Distracted drivers can be dangerous on the road, causing accidents through reduced reaction times and a lack of awareness. Cellphone use is one of the most common distractions, with users often devoting both their hands and vision to the phone’s operation. This has led many states to ban the use of the devices while operating a vehicle, but a recent study has shown that such bans are not as effective as one thought, significantly reducing accidents only while driving within a city environment.

An estimated 5,000 road fatalities occur each year nationwide due to distracted driving. New York banned cellphone use while driving in 2001 in an effort to reduce the number of car accidents throughout the state. A 2006 study of cellphone use while driving found users were as impaired as those who had been drinking. As a result of this and other studies, 10 states have banned cellphone use while driving, and 39 states have passed laws prohibiting text messaging while driving.

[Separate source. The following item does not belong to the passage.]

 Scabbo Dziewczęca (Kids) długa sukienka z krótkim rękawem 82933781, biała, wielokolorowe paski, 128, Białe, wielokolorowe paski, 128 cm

When studying the effects of the ban however, a recent report published in the Transportation Research journal has shown a decrease in fatalities only in city locales; while the number has actually risen in rural areas since the ban took effect. The reasons behind the rise is currently unknown and may be a statistical anomaly due to the lowered sampling rate in rural accidents, or possibly due to lowered enforcement of the ban in rural areas.

Driving while distracted can lead to accidents, regardless of your environment, and New York drivers who are injured at the hands of a distracted driver have a right to seek compensation from the driver to cover the costs of those injuries. Rural drivers who think they are free to do whatever they want while behind the wheel should think again.